You guessed it—THE LIBRARY!

But . . . library patrons check out books for free, right? How does that help an author’s book sales?

The number one answer is . . . building your readership!

And let’s face it. We want and need those readers. Faithful readers. Readers who tell their friends what great writers we are so their family and friends will look for our books, whether in their local library or favorite bookstore.

And that leads us to the dreaded word promotion, which in turns brings us to one of the primary methods writers use to promote their books.

[Cue scary music here]


When I first dreamed of becoming a published novelist, it never occurred to me that I’d eventually be called upon to speak in front of various sized groups whose interest varied from “You are beyond fascinating!” to “Where’s the nearest exit?” 

My first few post-publication speaking gigs were for church gatherings or my local writers group, where I knew I’d be among friends. For some authors--the extroverts among us--public speaking is a breeze. Others, like introverted moi, need some encouragement.

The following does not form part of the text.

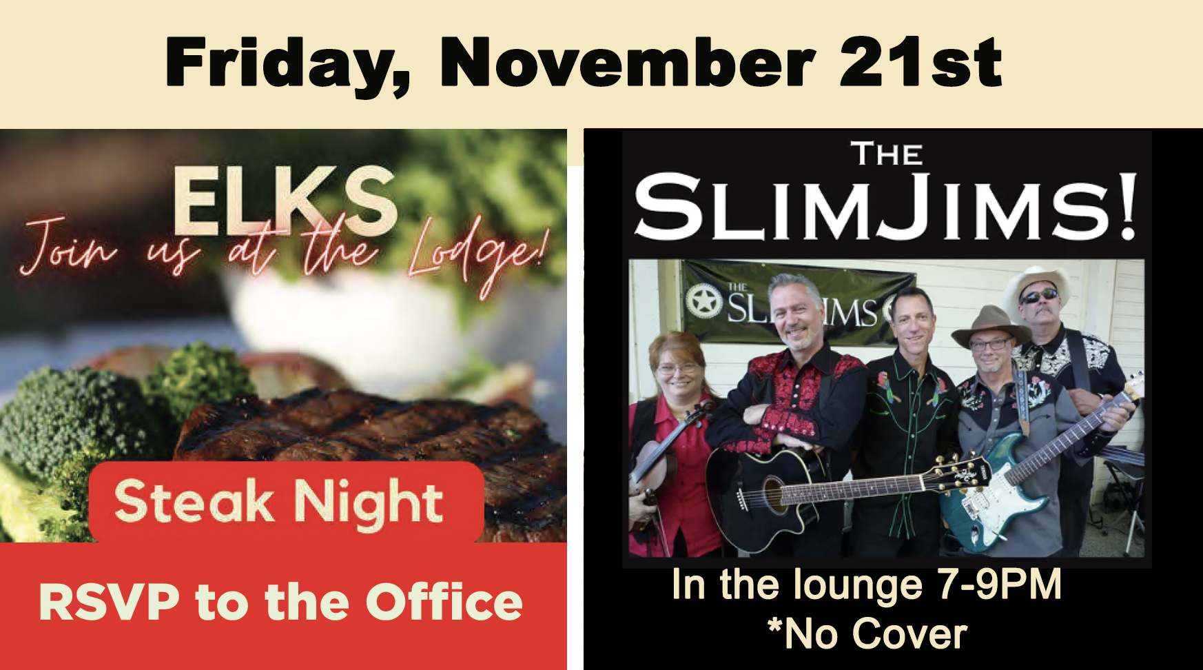 Officer Steak Night 5PM, Live Music by Slim Jims

That’s why I was very grateful after moving to the Carolinas to connect with Dora Hiers, a writer who has developed a real knack for working with area libraries to schedule author events. (Be sure to check out Dora’s guest post from November 2012.)

Although I’ve done several library programs with Dora, I certainly don’t consider myself an expert on the subject. But these experiences have brought a few things to light that I believe are worth passing along to other authors interested in braving the library circuit.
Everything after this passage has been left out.